Cardiometabolic risk lociMore and more studies are popping up that demonstrate the power of Big Data analyses to get at the underlying molecular pathology of some of our most common diseases. A great example, which may have flown a bit under the radar during the summer holidays, involves cardiometabolic disease. It’s an umbrella term for common vascular and metabolic conditions, including hypertension, impaired glucose and lipid metabolism, excess belly fat, and inflammation. All of these components of cardiometabolic disease can increase a person’s risk for a heart attack or stroke.

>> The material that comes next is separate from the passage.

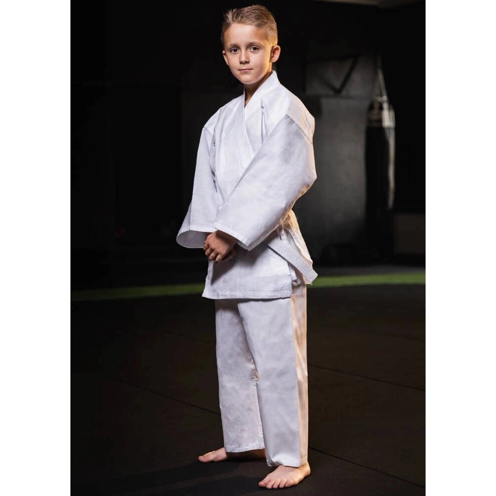 Spodnie z gumą i sznurkiem nie zsuwają się i łatwo dopasowują do sylwetki. W zestawie znajduje się biały pas (210 cm), więc mały karateka może wyruszyć na pierwszy trening zaraz po rozpakowaniu. Kimono jest idealne dla dzieci i młodzieży rozpoczynających przygodę z karate – łączy wygodę, funkcjonalność i niezawodność.

In the study, an international research team tapped into the power of genomic data to develop clearer pictures of the complex biocircuitry in seven types of vascular and metabolic tissue known to be affected by cardiometabolic disease: the liver, the heart’s aortic root, visceral abdominal fat, subcutaneous fat, internal mammary artery, skeletal muscle, and blood. The researchers found that while some circuits might regulate the level of gene expression in just one tissue, that’s often not the case. In fact, the researchers’ computational models show that such genetic circuitry can be organized into super networks that work together to influence how multiple tissues carry out fundamental life processes, such as metabolizing glucose or regulating lipid levels. When these networks are perturbed, perhaps by things like inherited variants that affect gene expression, or environmental influences such as a high-carb diet, sedentary lifestyle, the aging process, or infectious disease, the researchers’ modeling work suggests that multiple tissues can be affected, resulting in chronic, systemic disorders including cardiometabolic disease.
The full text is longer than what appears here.